法人向けファイル転送にGigaCCが選ばれる理由
ここでは、法人向けファイル転送サービスとして多くの企業に選ばれているGigaCCの特長について解説します。
大容量ファイルを安全に送受信できる仕組み
GigaCCは、1ファイル100GBの大容量ファイルに対応しており、通信経路とサーバー上のファイルの両方を暗号化し、不正アクセスやデータ漏えいのリスクを最小限に抑えます。製造業の設計データや広告業界の動画素材など、大容量ファイルを日常的に扱う企業でも、ストレスなくファイルのやり取りが可能です。
アクセス制御・期限・操作ログによる統制
送信者側のセキュリティとして、IPアドレス制限や二要素認証によるログイン制御、送信時の上長承認、送信先アドレスの制限(ドメインのブラックリスト・ホワイトリスト・アドレス帳による宛先制限)など、多層的なアクセス制御機能を備えています。また、ダウンロード回数制限や有効期限の設定により、受取後の意図しないファイル拡散を防止します。詳細な操作ログが自動的に記録され、受取時のIPアドレス取得も可能なため、正しい相手先での受取が行われたかの確証を得ることができます。送信後のURL無効化機能も提供されています。
社外、取引先とのやり取りを現場で回せる使いやすさ
シンプルで直感的なインターフェースを提供しており、受信者はアカウント登録不要でファイルをダウンロードできます。スマートフォンやタブレットからもアクセス可能で、モバイル環境では専用アプリを利用することで、ファイル共有機能によるファイルの受け渡しが可能です。
法人に求められるガバナンスへの対応
GigaCCは、200項目以上の検索項目で詳細なログ検索が可能で、有事の際に該当ファイルの特定がスピーディーに行えます。また、オプション機能を利用することで、送信・共有されたファイルを別領域に全件バックアップすることも可能で、監査法人など第三者への履歴ログ提出もCSV形式で対応できます。

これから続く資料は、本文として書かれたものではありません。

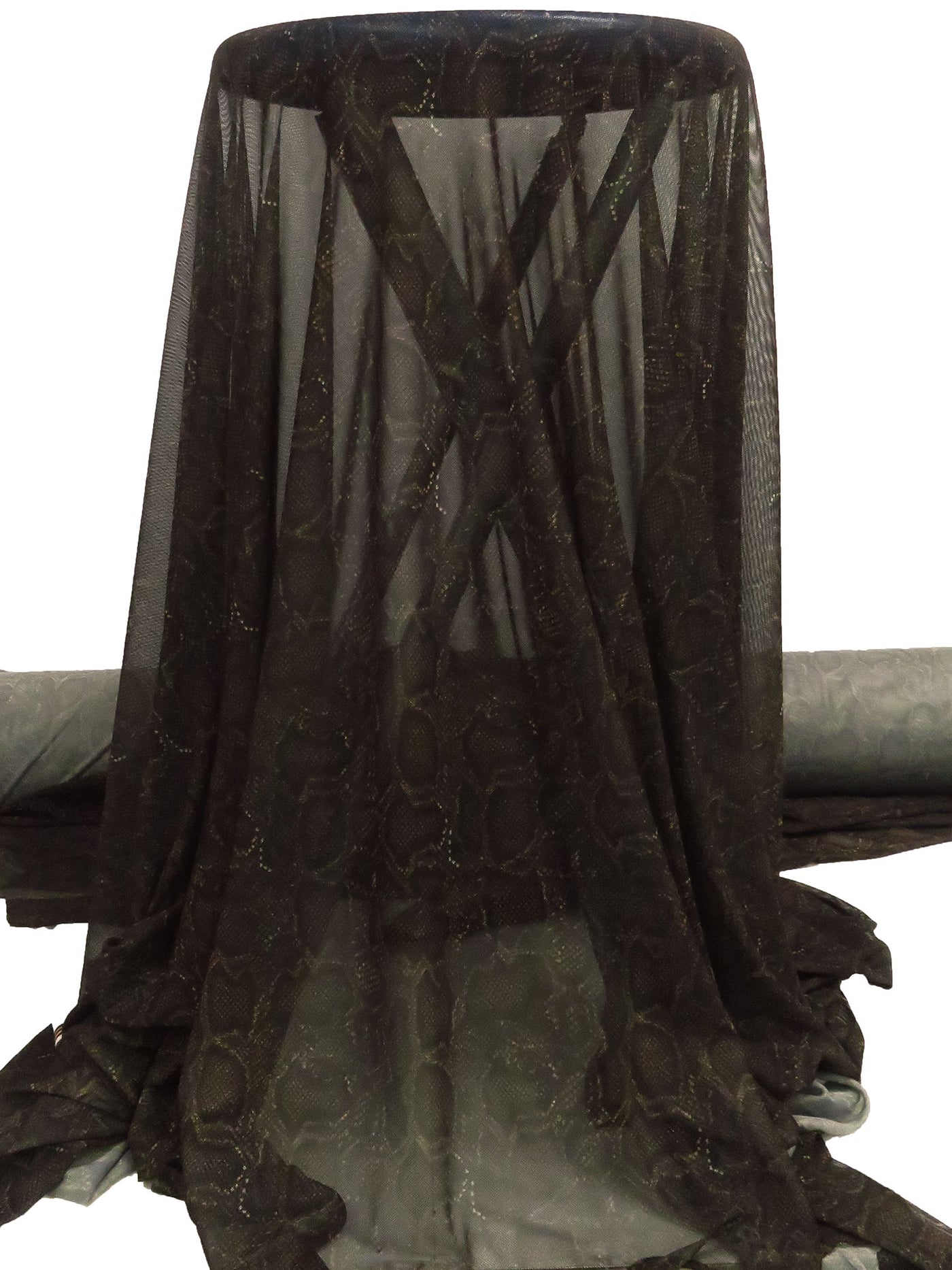 Chocolate/Black/White Nylon/Lycra Snakeskin Print Mesh Knit - NY Designer - 50W

サービス提供事業者である日本ワムネットはISMS(ISO/IEC 27001)、プライバシーマークを取得し、GigaCCサービス自体もISMSクラウドセキュリティ認証を取得しています。金融機関や官公庁など、厳格なセキュリティ要件が求められる組織での導入実績も豊富で、法人が安心して利用できる信頼性を備えています。
まとめ
ファイル転送サービスは、法人のビジネスにおいて不可欠なツールとなっています。サービスを選定する際には、セキュリティ機能、管理・統制機能、運用負荷、コストなど、多角的な視点から総合的に判断することが重要です。自社の業務内容や企業規模、部署ごとのニーズを事前に整理し、最適なサービスを選定することで、導入後のスムーズな運用と、ビジネスの効率化を実現できます。